Assignment:
What you return should be the lines from the one with "the document unchanged." through the one with "Женский браслет со" in the data below, reproduced exactly with both ends, and no pictures at all.

Task inputs:
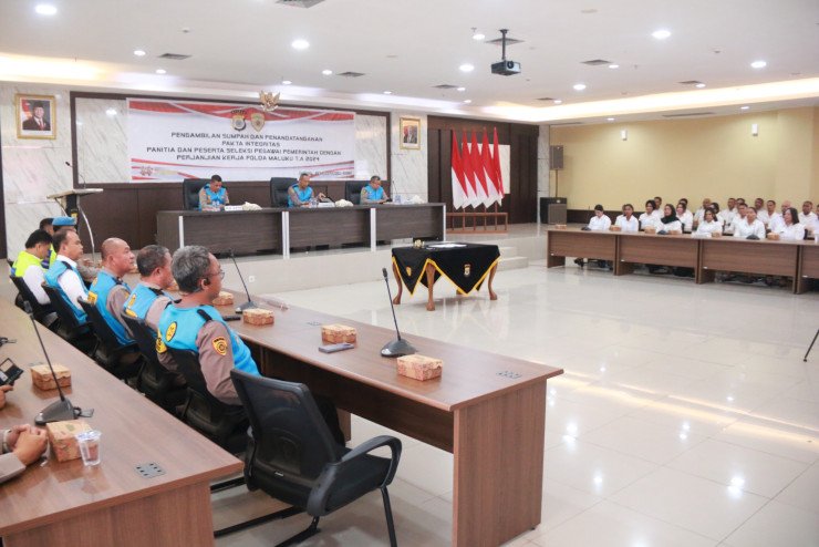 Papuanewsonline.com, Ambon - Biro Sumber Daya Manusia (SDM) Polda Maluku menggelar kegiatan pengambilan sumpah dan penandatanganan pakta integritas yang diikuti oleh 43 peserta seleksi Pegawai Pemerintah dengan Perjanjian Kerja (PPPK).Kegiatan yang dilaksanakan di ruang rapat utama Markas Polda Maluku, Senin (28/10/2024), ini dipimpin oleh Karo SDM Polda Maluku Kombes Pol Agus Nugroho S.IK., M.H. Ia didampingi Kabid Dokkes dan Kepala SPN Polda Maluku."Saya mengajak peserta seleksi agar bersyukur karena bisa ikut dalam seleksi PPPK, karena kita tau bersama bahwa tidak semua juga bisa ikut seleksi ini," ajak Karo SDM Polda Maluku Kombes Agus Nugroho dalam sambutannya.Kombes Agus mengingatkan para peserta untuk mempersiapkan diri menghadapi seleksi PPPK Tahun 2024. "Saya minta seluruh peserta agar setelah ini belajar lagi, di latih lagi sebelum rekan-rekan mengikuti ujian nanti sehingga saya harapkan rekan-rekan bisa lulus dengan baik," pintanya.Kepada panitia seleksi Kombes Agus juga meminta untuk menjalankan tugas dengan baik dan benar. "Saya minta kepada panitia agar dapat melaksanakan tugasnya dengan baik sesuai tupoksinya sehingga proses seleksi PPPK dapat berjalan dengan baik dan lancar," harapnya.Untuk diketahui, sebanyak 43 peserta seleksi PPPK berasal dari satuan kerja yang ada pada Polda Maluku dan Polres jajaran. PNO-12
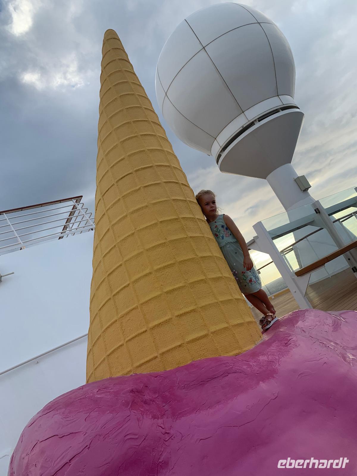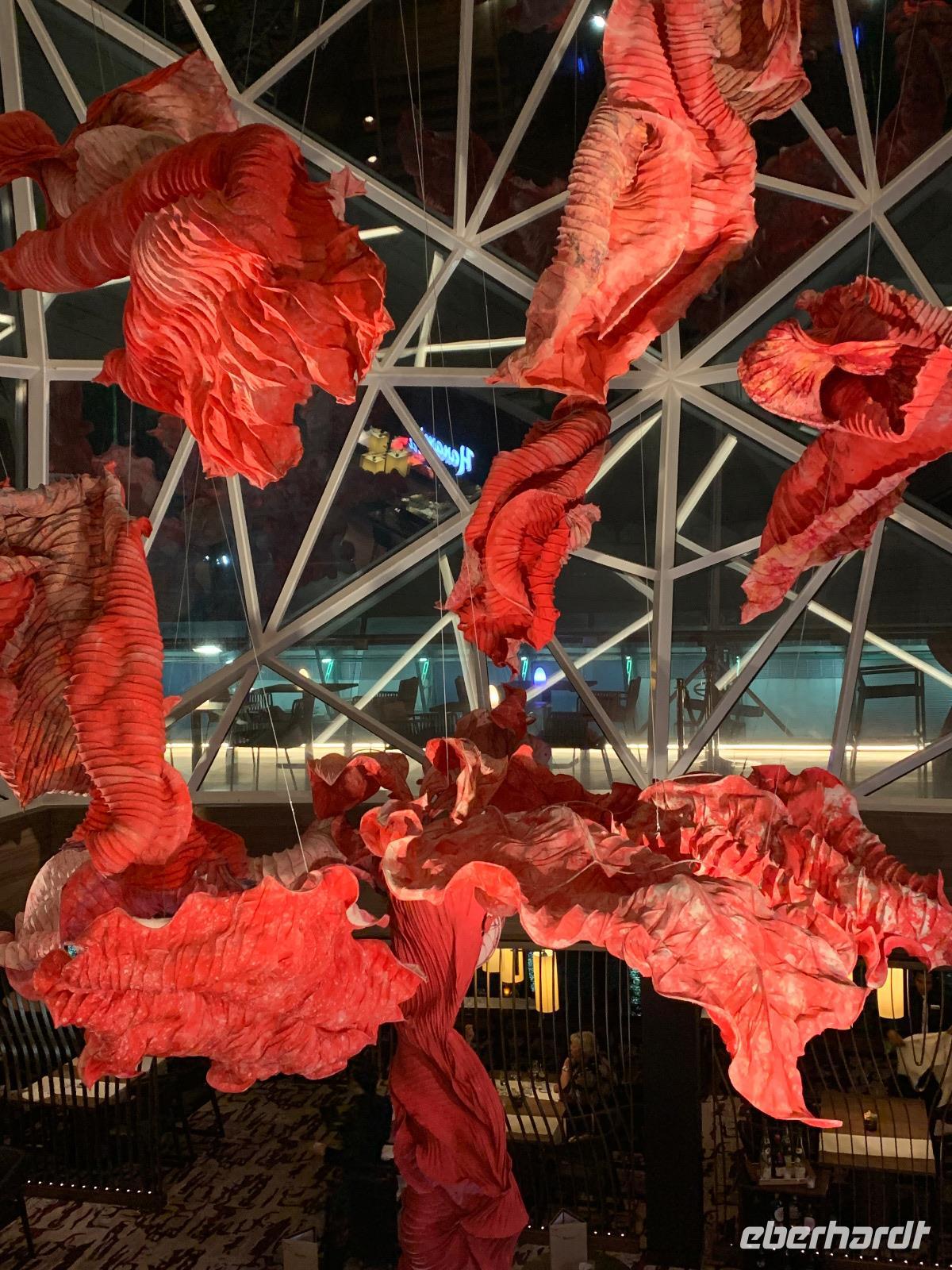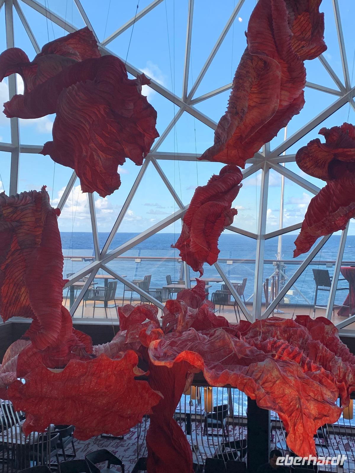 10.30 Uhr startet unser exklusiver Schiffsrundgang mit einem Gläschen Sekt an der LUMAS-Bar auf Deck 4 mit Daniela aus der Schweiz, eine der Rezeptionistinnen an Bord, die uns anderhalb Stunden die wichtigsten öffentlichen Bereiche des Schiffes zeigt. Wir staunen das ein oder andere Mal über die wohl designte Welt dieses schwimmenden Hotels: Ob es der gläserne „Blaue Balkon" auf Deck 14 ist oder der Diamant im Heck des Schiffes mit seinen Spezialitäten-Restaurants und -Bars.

---

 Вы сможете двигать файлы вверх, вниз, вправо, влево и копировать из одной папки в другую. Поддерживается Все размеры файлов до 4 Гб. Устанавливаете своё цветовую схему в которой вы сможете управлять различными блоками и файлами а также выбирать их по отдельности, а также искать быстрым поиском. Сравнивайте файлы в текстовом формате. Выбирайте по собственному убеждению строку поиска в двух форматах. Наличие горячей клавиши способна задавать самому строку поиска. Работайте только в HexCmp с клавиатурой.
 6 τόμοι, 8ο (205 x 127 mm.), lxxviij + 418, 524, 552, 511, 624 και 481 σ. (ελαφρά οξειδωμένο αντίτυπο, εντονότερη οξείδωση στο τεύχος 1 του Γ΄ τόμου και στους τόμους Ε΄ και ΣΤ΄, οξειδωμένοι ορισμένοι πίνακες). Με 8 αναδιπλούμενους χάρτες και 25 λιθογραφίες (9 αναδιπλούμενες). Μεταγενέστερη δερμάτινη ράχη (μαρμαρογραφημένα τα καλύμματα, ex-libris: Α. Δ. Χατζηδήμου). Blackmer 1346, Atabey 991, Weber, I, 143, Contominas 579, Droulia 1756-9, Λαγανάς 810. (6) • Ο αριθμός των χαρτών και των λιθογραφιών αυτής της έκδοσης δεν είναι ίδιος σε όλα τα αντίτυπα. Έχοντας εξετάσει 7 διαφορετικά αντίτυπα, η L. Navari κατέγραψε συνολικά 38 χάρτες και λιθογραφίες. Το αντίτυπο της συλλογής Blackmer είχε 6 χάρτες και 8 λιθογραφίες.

...

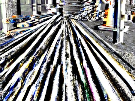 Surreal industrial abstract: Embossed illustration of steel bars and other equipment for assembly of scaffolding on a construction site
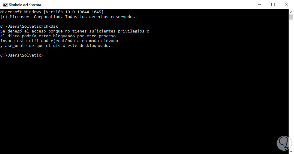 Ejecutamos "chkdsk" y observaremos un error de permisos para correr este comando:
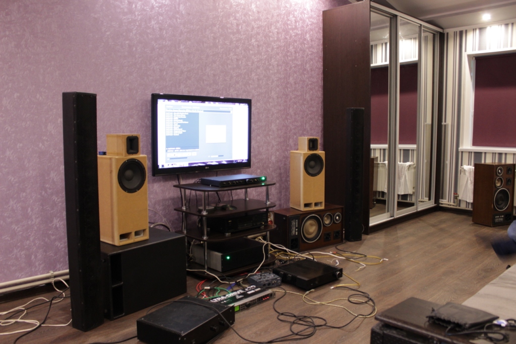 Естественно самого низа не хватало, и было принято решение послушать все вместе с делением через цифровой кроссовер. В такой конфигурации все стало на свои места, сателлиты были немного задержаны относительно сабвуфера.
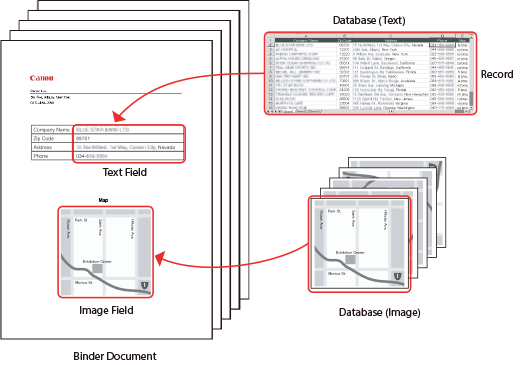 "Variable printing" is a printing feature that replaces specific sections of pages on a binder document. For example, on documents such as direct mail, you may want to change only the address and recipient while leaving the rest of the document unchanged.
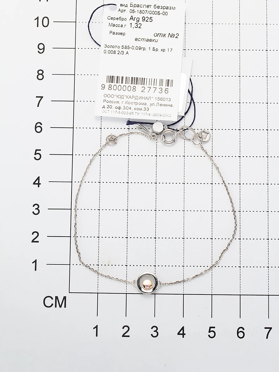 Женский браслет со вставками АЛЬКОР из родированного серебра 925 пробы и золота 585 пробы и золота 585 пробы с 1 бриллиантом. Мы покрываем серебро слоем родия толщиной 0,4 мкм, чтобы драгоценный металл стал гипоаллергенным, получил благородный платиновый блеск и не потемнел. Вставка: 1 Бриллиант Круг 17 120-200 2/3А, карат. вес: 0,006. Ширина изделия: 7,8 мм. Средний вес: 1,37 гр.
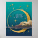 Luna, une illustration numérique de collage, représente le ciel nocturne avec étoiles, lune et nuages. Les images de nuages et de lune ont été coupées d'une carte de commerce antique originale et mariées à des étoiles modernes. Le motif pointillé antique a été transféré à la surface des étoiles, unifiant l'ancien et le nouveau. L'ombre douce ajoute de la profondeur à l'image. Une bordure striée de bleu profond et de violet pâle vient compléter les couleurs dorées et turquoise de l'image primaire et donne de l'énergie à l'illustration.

Task solution:
 "Variable printing" is a printing feature that replaces specific sections of pages on a binder document. For example, on documents such as direct mail, you may want to change only the address and recipient while leaving the rest of the document unchanged.
 Женский браслет со вставками АЛЬКОР из родированного серебра 925 пробы и золота 585 пробы и золота 585 пробы с 1 бриллиантом. Мы покрываем серебро слоем родия толщиной 0,4 мкм, чтобы драгоценный металл стал гипоаллергенным, получил благородный платиновый блеск и не потемнел. Вставка: 1 Бриллиант Круг 17 120-200 2/3А, карат. вес: 0,006. Ширина изделия: 7,8 мм. Средний вес: 1,37 гр.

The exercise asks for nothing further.